## [TASK MATERIAL]
========================
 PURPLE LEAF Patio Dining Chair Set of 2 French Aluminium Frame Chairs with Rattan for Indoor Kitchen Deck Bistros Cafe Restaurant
========================
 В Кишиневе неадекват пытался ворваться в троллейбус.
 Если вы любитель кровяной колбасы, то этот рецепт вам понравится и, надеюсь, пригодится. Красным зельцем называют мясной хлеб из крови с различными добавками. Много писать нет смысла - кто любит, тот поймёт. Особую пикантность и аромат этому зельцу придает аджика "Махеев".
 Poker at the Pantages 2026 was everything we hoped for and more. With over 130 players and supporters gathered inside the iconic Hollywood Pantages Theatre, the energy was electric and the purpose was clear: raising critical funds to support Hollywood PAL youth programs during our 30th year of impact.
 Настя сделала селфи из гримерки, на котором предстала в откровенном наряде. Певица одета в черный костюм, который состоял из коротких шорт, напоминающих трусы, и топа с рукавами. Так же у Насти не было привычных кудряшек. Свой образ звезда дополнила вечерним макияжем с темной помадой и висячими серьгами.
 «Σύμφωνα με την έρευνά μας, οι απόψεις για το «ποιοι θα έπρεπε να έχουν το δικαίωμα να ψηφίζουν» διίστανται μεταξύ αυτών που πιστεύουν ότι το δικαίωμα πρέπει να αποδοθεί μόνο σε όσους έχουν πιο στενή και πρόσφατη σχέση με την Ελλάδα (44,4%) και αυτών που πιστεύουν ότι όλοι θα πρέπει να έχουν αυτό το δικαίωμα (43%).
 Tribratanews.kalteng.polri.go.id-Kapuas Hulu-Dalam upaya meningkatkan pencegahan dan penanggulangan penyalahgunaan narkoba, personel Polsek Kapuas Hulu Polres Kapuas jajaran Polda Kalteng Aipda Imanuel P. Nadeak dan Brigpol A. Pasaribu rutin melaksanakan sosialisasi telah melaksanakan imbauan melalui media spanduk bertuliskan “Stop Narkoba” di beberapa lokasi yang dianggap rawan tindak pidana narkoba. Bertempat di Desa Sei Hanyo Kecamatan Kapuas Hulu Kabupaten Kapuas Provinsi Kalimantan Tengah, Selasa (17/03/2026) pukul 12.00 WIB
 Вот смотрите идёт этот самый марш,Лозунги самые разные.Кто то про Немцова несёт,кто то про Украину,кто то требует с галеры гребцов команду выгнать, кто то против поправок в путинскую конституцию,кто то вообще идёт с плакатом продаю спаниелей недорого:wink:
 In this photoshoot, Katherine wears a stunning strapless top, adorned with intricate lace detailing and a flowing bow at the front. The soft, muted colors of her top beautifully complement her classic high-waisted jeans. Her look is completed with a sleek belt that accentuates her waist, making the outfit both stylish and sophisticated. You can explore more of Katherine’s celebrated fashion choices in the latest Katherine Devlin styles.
========================
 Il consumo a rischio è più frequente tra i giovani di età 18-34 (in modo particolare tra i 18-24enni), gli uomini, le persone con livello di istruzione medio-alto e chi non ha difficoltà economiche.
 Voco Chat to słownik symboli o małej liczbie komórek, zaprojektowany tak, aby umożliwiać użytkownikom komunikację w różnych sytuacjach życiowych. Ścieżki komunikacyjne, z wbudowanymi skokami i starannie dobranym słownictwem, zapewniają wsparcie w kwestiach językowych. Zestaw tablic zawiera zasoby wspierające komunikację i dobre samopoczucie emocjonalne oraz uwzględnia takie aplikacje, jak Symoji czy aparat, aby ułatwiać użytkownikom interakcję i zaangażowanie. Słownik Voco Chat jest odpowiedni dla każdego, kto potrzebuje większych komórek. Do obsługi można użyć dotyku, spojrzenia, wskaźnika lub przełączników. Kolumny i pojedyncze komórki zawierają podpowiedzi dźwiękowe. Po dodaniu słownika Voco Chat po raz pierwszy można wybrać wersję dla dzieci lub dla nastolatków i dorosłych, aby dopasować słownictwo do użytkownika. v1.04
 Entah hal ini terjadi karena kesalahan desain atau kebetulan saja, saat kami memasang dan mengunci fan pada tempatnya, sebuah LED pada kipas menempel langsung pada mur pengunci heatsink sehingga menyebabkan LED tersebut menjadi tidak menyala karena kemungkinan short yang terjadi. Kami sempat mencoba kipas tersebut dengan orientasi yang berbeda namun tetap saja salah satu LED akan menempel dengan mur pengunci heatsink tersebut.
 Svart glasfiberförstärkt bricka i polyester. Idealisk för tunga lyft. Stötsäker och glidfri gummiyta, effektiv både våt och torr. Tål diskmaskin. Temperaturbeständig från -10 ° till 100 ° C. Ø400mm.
========================
## [WHAT YOU SHOULD DO]
What are the lines above, starting at the one with "Вот смотрите идёт" and ending at the one with "In this photoshoot, Katherine"? Give them again exactly, and only them.

## [EXERCISE SOLUTION]
 Вот смотрите идёт этот самый марш,Лозунги самые разные.Кто то про Немцова несёт,кто то про Украину,кто то требует с галеры гребцов команду выгнать, кто то против поправок в путинскую конституцию,кто то вообще идёт с плакатом продаю спаниелей недорого:wink:
 In this photoshoot, Katherine wears a stunning strapless top, adorned with intricate lace detailing and a flowing bow at the front. The soft, muted colors of her top beautifully complement her classic high-waisted jeans. Her look is completed with a sleek belt that accentuates her waist, making the outfit both stylish and sophisticated. You can explore more of Katherine’s celebrated fashion choices in the latest Katherine Devlin styles.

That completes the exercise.